U.S. pays to settle Comair lawsuits

U.S. taxpayers paid a fifth of the $264 million to resolve lawsuits against Delta Air Lines Inc.’s Comair regional carrier after a safety board partly blamed federal regulators for a Kentucky crash that killed 49.

Insurers for Comair paid to settle 45 lawsuits, and taxpayers contributed $58 million, or 22 percent, records obtained under the Freedom of Information Act show. Aviation settlements not involving the government are typically secret. U.S. safety investigators said pilot errors, compounded by a Federal Aviation Administration lapse, caused the crash.

“That amount is a lot of money for the settlement of 45 passengers, which suggests the government was concerned about its liability exposure,” said Phillip Kolczynski, a Los Angeles aviation attorney who formerly worked for the FAA and the U.S. Justice Department.

Comair Flight 5191, bound for Atlanta from Lexington, crashed just before dawn Aug. 27, 2006, after pilots used an unlit runway that was too short for a safe takeoff, the National Transportation Safety Board found in 2007. The FAA contributed by failing to require that pilots get air-traffic control approval before crossing runways, the board said.

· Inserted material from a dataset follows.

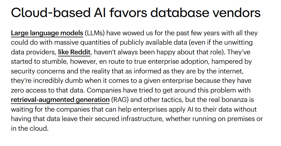 云原生 AI 更青睐数据库厂商 过去几年,大语言模型(LLM)通过处理海量公开数据展示了惊人的能力(尽管像 Reddit 这样的数据提供者对此并不总是情愿)。但这些模型在真正进入企业场景时却频频受挫,面临安全、合规等现实问题——它们对互联网了解得再多,也对某家企业的内部数据一无所知。企业尝试通过 RAG(检索增强生成)等技术绕开这些问题,但真正的机会在于:谁能让企业在自己的基础设施上,安全地将 AI 应用于自己的数据,谁就能赢得这场 AI 金矿战。

The lone controller working in the Lexington airport’s tower that morning cleared the plane for takeoff and then turned his back to work on administrative duties, according to the report. The plane ran off the end of the runway, tore through a perimeter fence, hit trees, crashed and caught fire.

Comair and Delta’s liability was covered by U.S. Aircraft Insurance Group, according to a Justice Department claim form.

The settlements, averaging $5.9 million per passenger, varied by the age, income, dependents and home state of passengers, according to lawyers representing victims.

Direct comparisons to settlements in other crashes aren’t possible because virtually all are sealed.

In the lone case to go to trial, federal jurors in Lexington on Dec. 7 ordered Comair to pay $7.1 million to the family of passenger Bryan Keith Woodward. A judge ruled Woodward’s family can seek punitive damages next year at trial. Such damages are meant to punish a company for bad conduct and deter others.

“The individual settlements — each of which is unique given the specific circumstances of that particular case — provide fair and reasonable compensation to the families,” Comair spokeswoman Christine Wever said.

The threat of punitive damages increased the settlement amounts, according to Latto.

“The egregiousness of that accident was certainly part of the driving force behind those numbers,” Latto said.